AIM OF THE TASK
Omit the pictures and output exactly the lines from the start of the entries through the line containing "Прелести соединителя сплава, с".

[Records contained in a dataset]
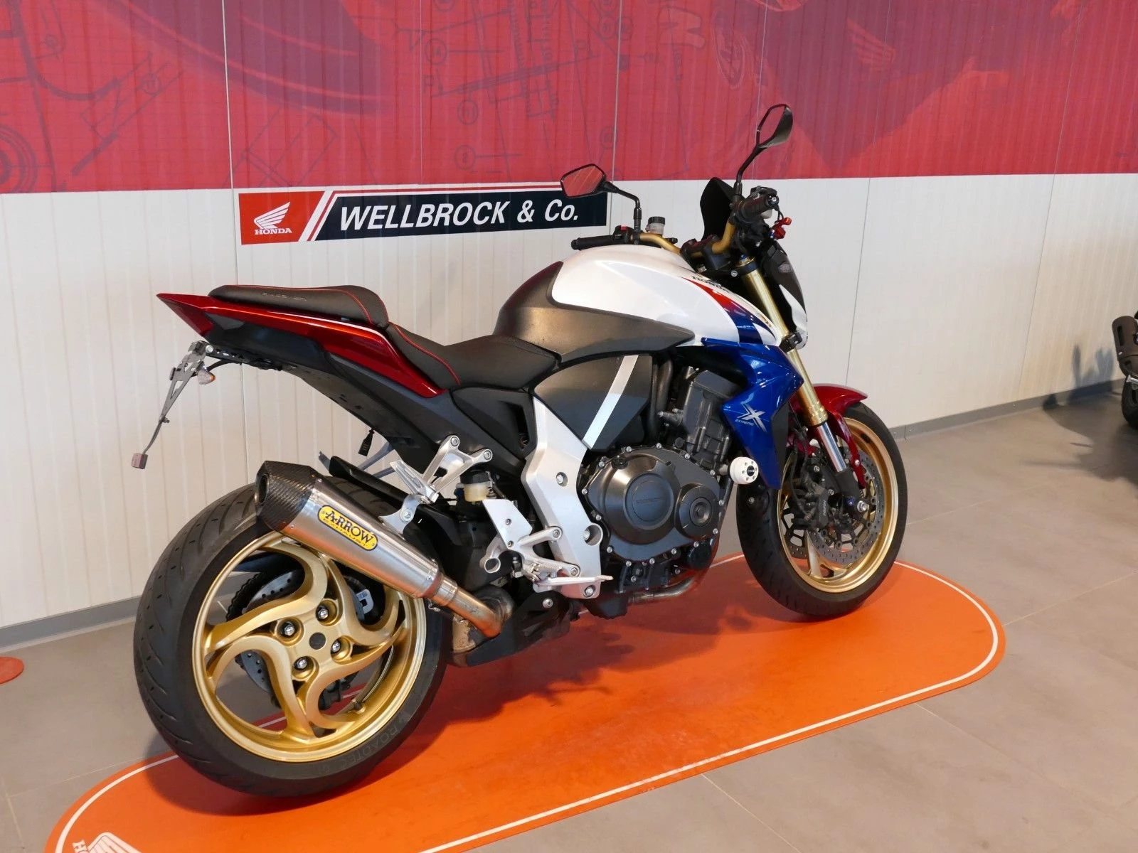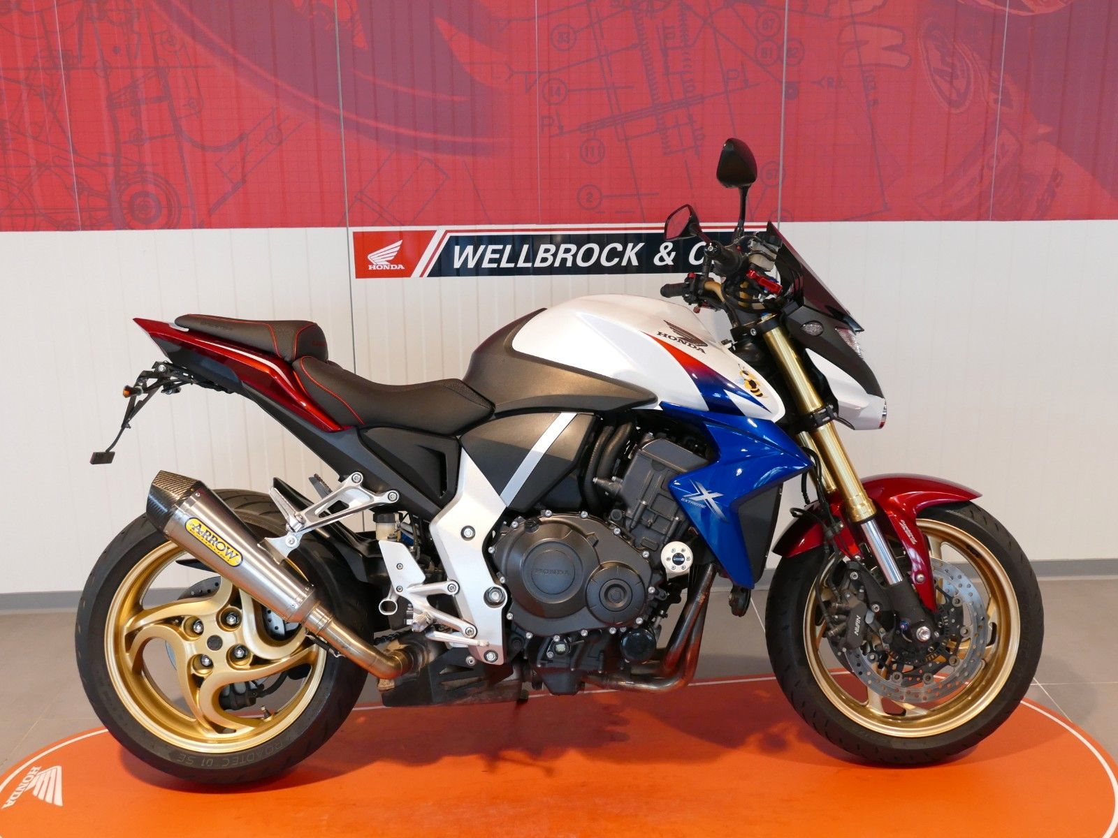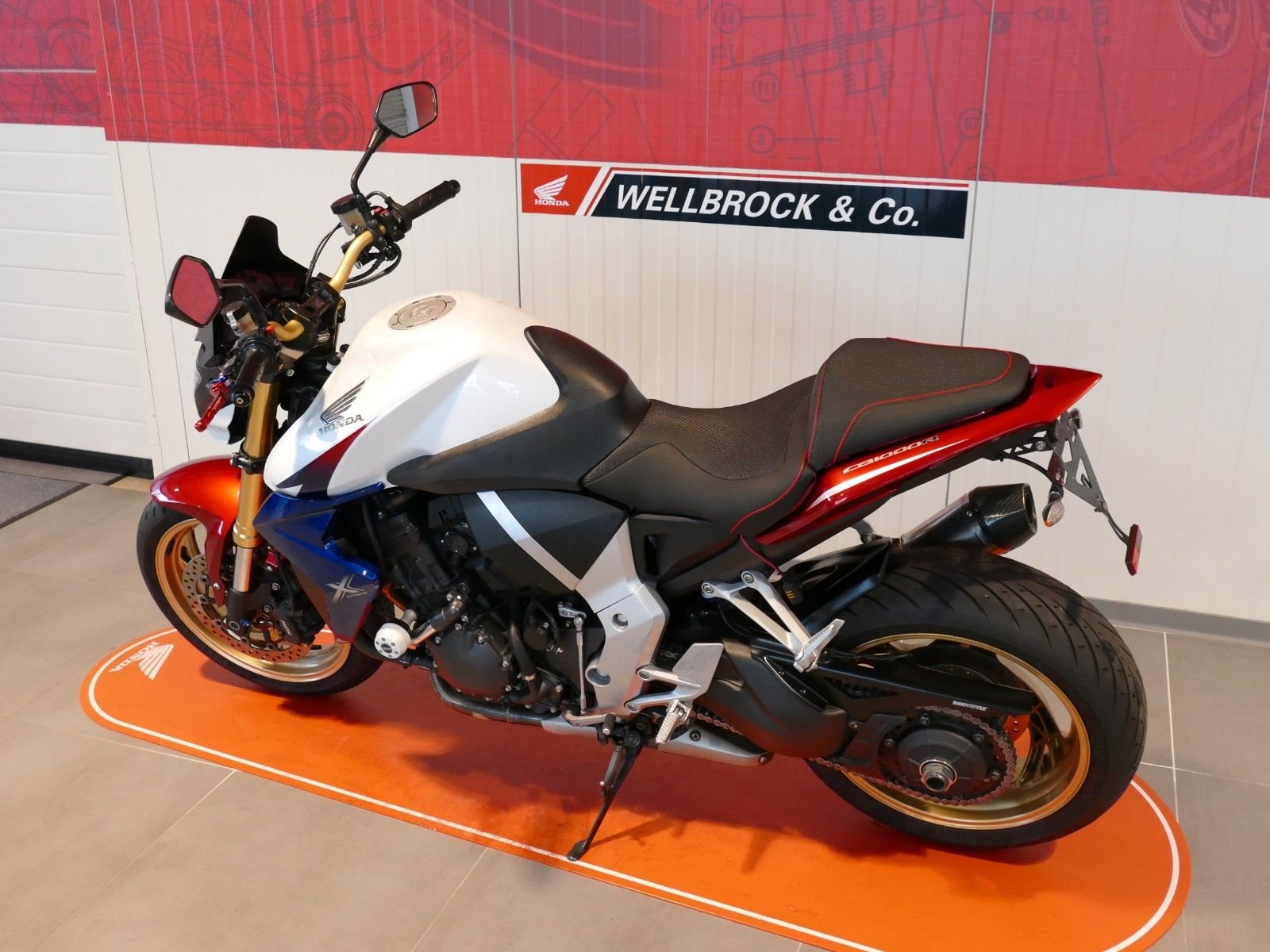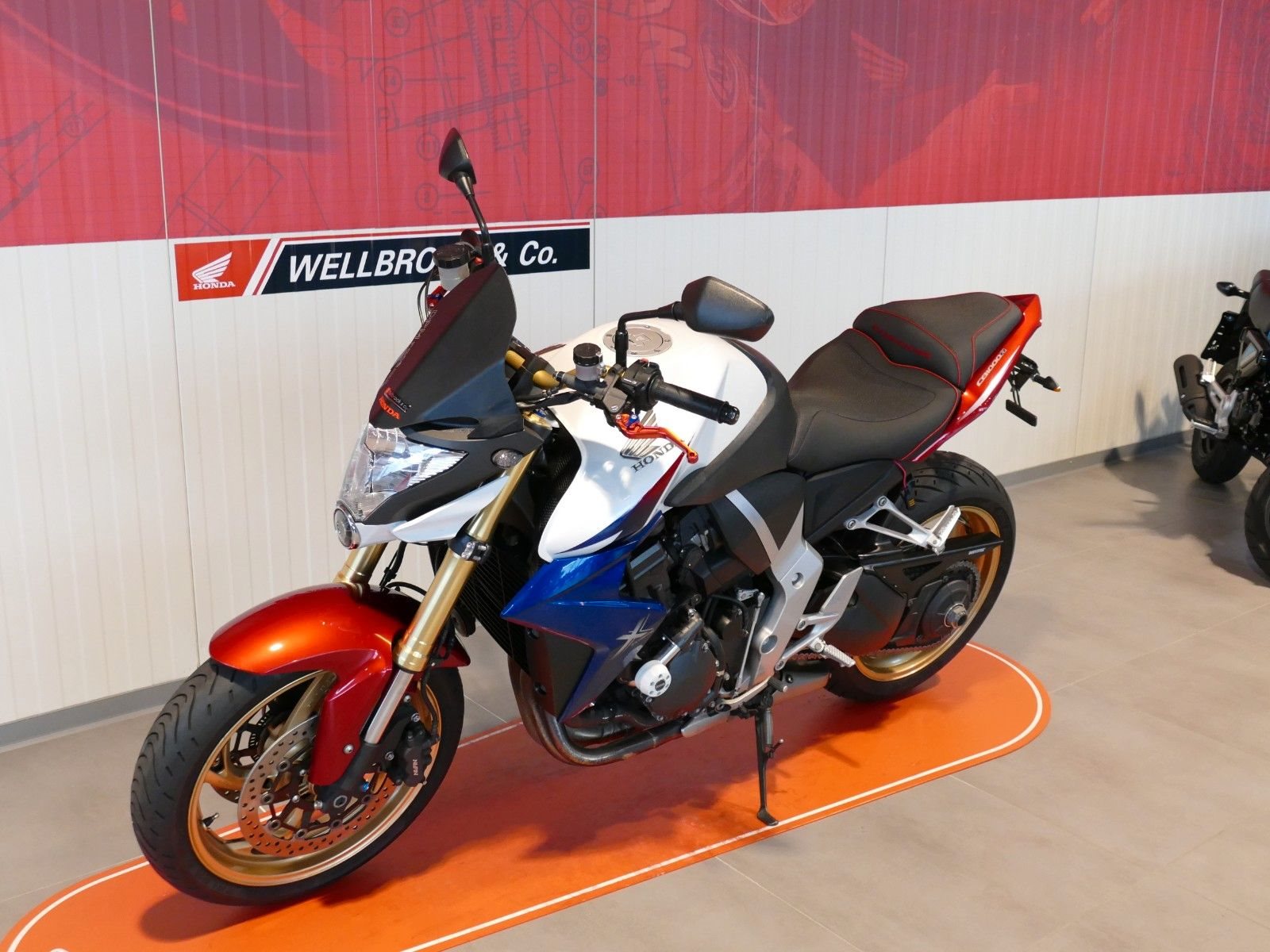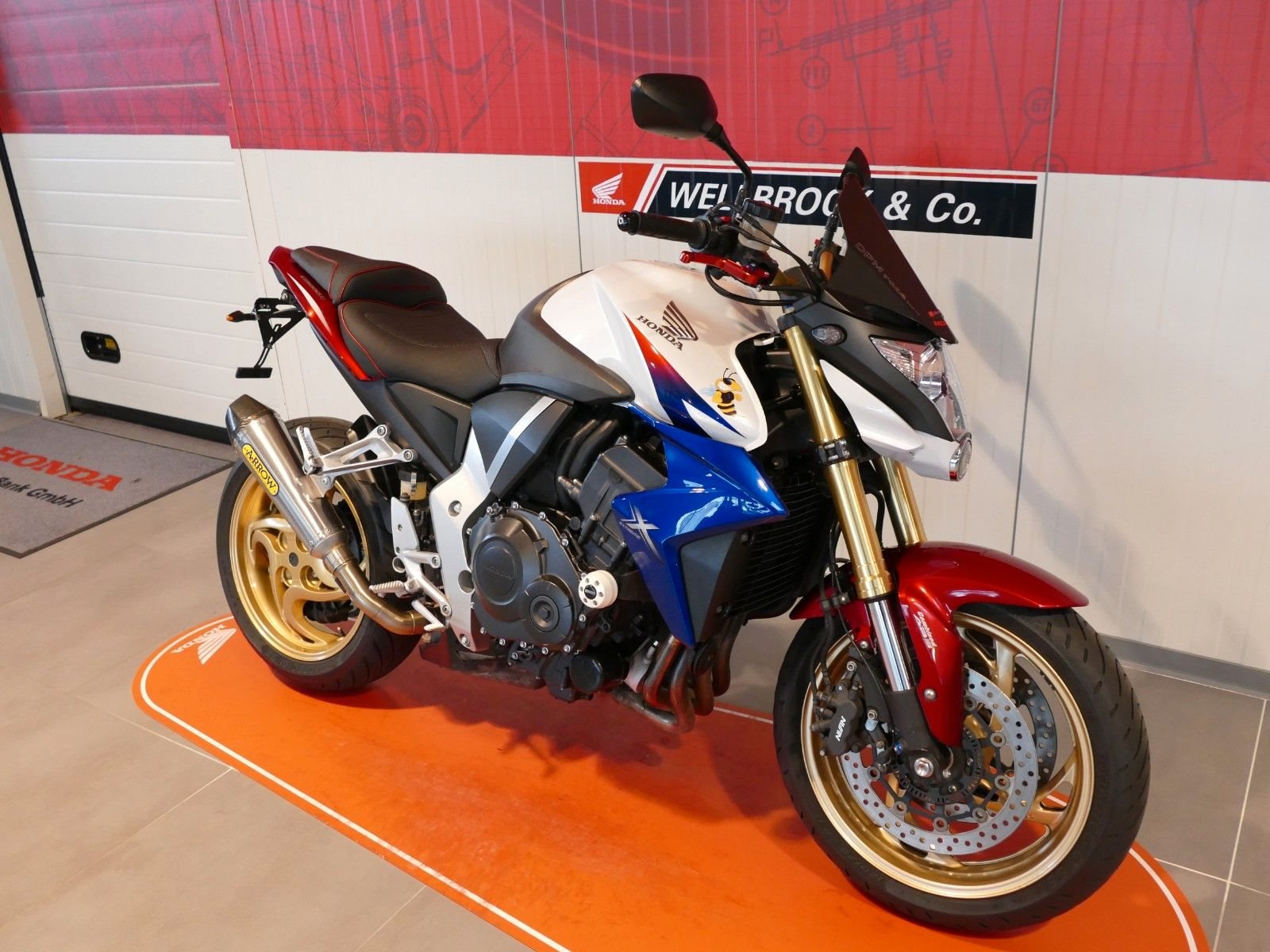 Honda CB1000R aus vierter Hand. Das Fahrzeug verfügt über einen kurzen Kennzeichenhalter, Arrow Auspuff, DPM Windschild, Sturzpads, Ganganzeige, V-Trec Hebel sowie eine Bagster Sitzbank. Die Maschine hat von uns frisch den Jahreskundendienst erhalten. Es sind mehrere Kratzer an den Lenkerenden, Sturzpads, Heckverkleidung, Spiegel und der Seitenvverkleidung unter dem Sitz rechts vorhanden. Finanzierung möglich. Unfallfrei.
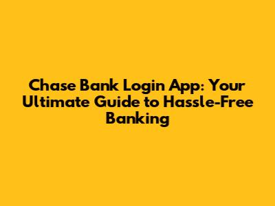 Chase Bank Login App: Your Ultimate Guide to Hassle-Free Banking
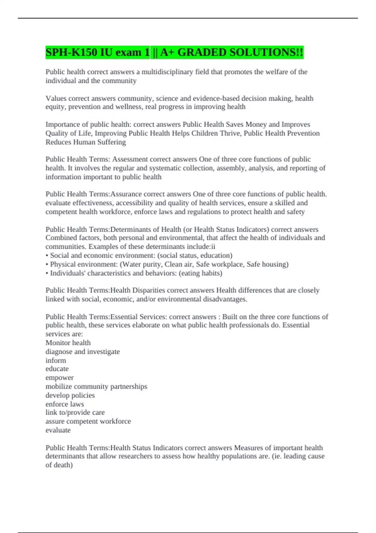 Public Health Terms:Essential Services: correct answers : Built on the three core functions of
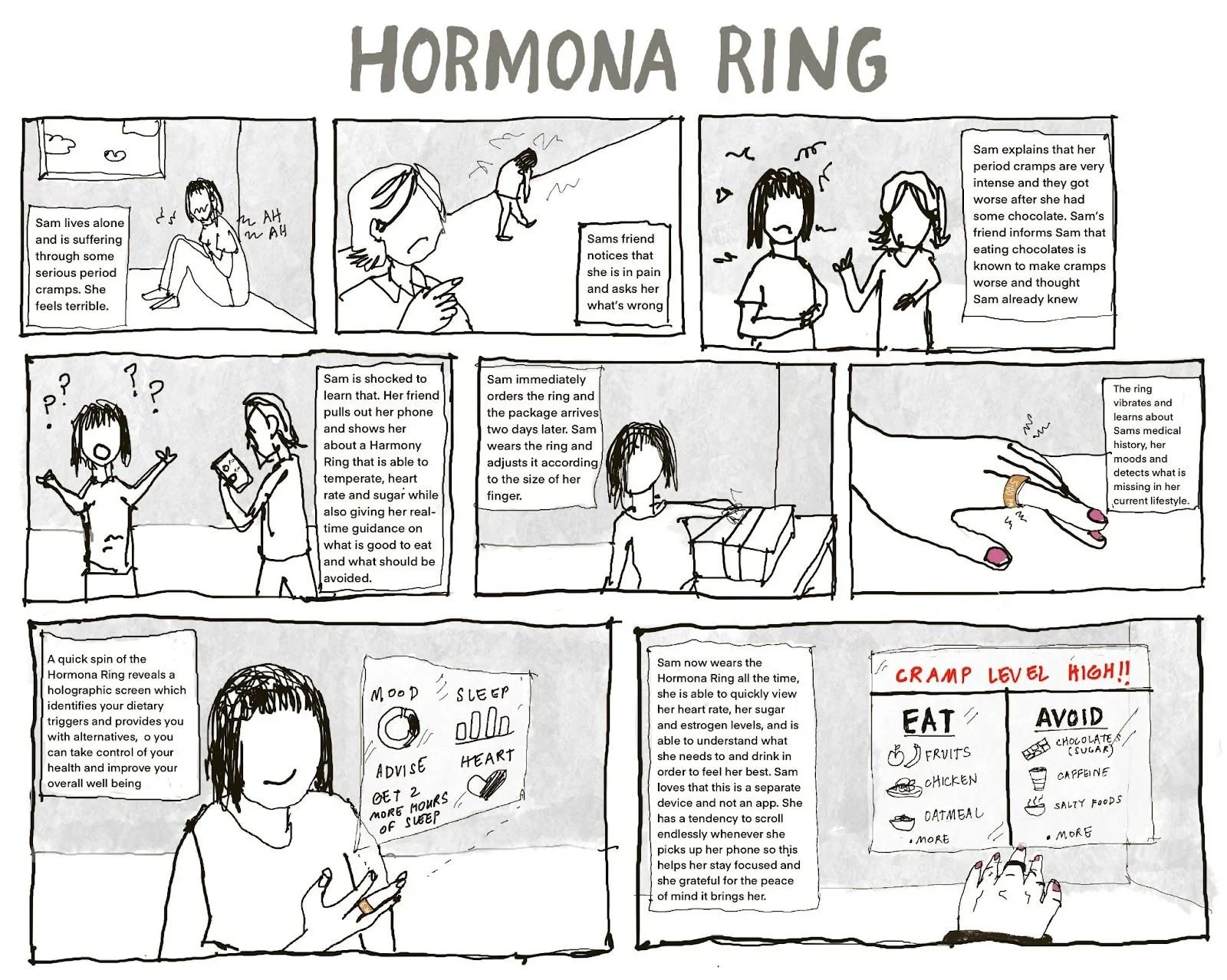These concept stories were then used in a follow-up round of user interviews, where women with hormonal imbalances provided feedback on their preferences and potential concerns with the conceptual solutions.
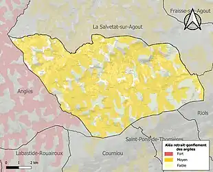 Le retrait-gonflement des sols argileux est susceptible d'engendrer des dommages importants aux bâtiments en cas d’alternance de périodes de sécheresse et de pluie. 71,8 % de la superficie communale est en aléa moyen ou fort (59,3 % au niveau départemental et 48,5 % au niveau national). Sur les 259 bâtiments dénombrés sur la commune en 2019, 238 sont en aléa moyen ou fort, soit 92 %, à comparer aux 85 % au niveau départemental et 54 % au niveau national. Une cartographie de l'exposition du territoire national au retrait gonflement des sols argileux est disponible sur le site du BRGM[27],[Carte 2].
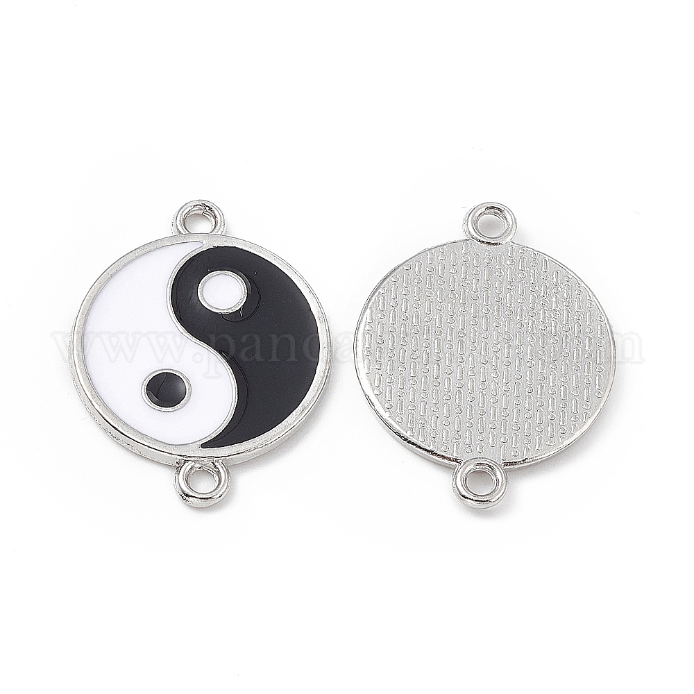 Прелести соединителя сплава, с эмалью, плоские круглые звенья с узором инь-янь, черные и белые
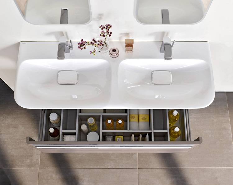 Wer bisher mit chaotischen Zuständen in Schubladen und Schränken zu kämpfen hatte, für den können Regalfächer, Ordnungsboxen und Schubladeneinsätze die Lösung sein. Sie strukturieren die Auszüge im Waschtischunterschrank oder die Regalfächer im Seiten- und Hochschrank. Die voneinander abgetrennten Fächer erleichtern es dem Nutzer, den Überblick zu bewahren und das Wichtigste immer in Reichweite zu behalten. Kosmetikartikel, Make-up oder Schmuck haben so ihren festen Platz ebenso wie Handtücher, Pflege- und Reinigungsmittel. Für Familien bietet die räumliche Aufteilung des Stauraums einen zusätzlichen Vorteil: Jedes Familienmitglied erhält seinen eigenen Bereich – Streit unter Kindern um den besten Platz ist dann kein Thema mehr.

RESPONSE
 Honda CB1000R aus vierter Hand. Das Fahrzeug verfügt über einen kurzen Kennzeichenhalter, Arrow Auspuff, DPM Windschild, Sturzpads, Ganganzeige, V-Trec Hebel sowie eine Bagster Sitzbank. Die Maschine hat von uns frisch den Jahreskundendienst erhalten. Es sind mehrere Kratzer an den Lenkerenden, Sturzpads, Heckverkleidung, Spiegel und der Seitenvverkleidung unter dem Sitz rechts vorhanden. Finanzierung möglich. Unfallfrei.
 Chase Bank Login App: Your Ultimate Guide to Hassle-Free Banking
 Public Health Terms:Essential Services: correct answers : Built on the three core functions of
These concept stories were then used in a follow-up round of user interviews, where women with hormonal imbalances provided feedback on their preferences and potential concerns with the conceptual solutions.
 Le retrait-gonflement des sols argileux est susceptible d'engendrer des dommages importants aux bâtiments en cas d’alternance de périodes de sécheresse et de pluie. 71,8 % de la superficie communale est en aléa moyen ou fort (59,3 % au niveau départemental et 48,5 % au niveau national). Sur les 259 bâtiments dénombrés sur la commune en 2019, 238 sont en aléa moyen ou fort, soit 92 %, à comparer aux 85 % au niveau départemental et 54 % au niveau national. Une cartographie de l'exposition du territoire national au retrait gonflement des sols argileux est disponible sur le site du BRGM[27],[Carte 2].
 Прелести соединителя сплава, с эмалью, плоские круглые звенья с узором инь-янь, черные и белые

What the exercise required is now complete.